Introduction: Theory of knowledge
What is information?
To understand the roles of Information and Communication Technologies (ICT) in water
development, it is necessary to first examine the concept of “information”: what is it, how
is it constructed and legitimized, how is it communicated? “Information” can be thought
of as a recorded piece of knowledge abstracted from context; a telephone number, for
example. However, to interpret a telephone number, one must understand the a larger
context of a telecommunications system will translate a number into an audio connection
with a specific person as well as social conventions of times and situations in which it is
appropriate to call someone. As long as everyone is operating with the same basic
context, we can communicate in informational shorthand with a 10 digit number. Without
that context however, the number is meaningless.

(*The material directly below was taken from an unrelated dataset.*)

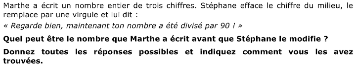 - Constater que le chiffre des unités, devenu dixièmes, ne peut être 0 car, sinon, le nombre substitué serait entier et égal à celui des centaines du nombre d’origine : le produit d’un nombre par 90 ne peut être égal à son produit par 100. Même constatation pour le chiffre des centaines du nombre d’origine qui est un « nombre entier de trois chiffres ».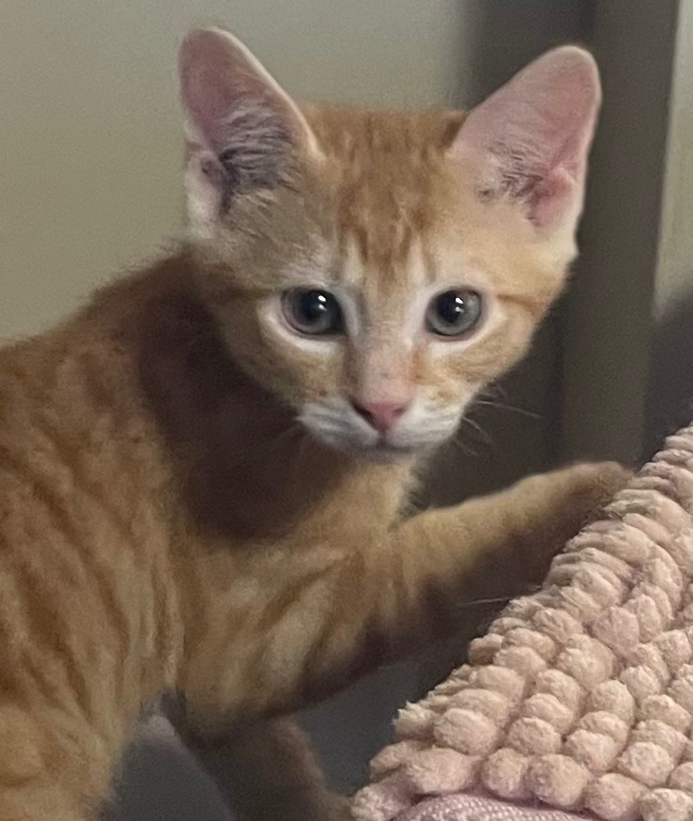A playful little dude who has loved causing chaos with his litter mates, Cedar is very confident with the older resident and foster cats and tolerant of the small house dog. He loves a kitten wrestle and stalking the older cats and little dog (and dust?lights?whatever it is that cats see when we're sure there's nothing there to chase) and is on a mission to eventually claim the highest spot on the cat tower.

All information and knowledge is embedded in a larger context. When we communicate,
we generally have an implicit assumption that our audience has sufficient background to
interpret our statements. In the case of communication of technical knowledge through
scholarly articles, the audience is assumed to understand the context and have high
reading comprehension. A well-structured communication starts with an estimation of
what background knowledge the audience already possesses, and whatever background
may be missing. The context needed to interpret information in a scholarly article is
usually quite significant. To make the publication process tractable, the audience is
narrowed and most of the context is left out or given as references. These practices grew
from the historic technologies of pens and printing presses in which duplication or
modification of contextual information was expensive. But even if all necessary
contextual information was referenced, comprehension of it would require a significant
investment into education. In most modern societies, significant educational investments
have only been made in a small fraction of the population.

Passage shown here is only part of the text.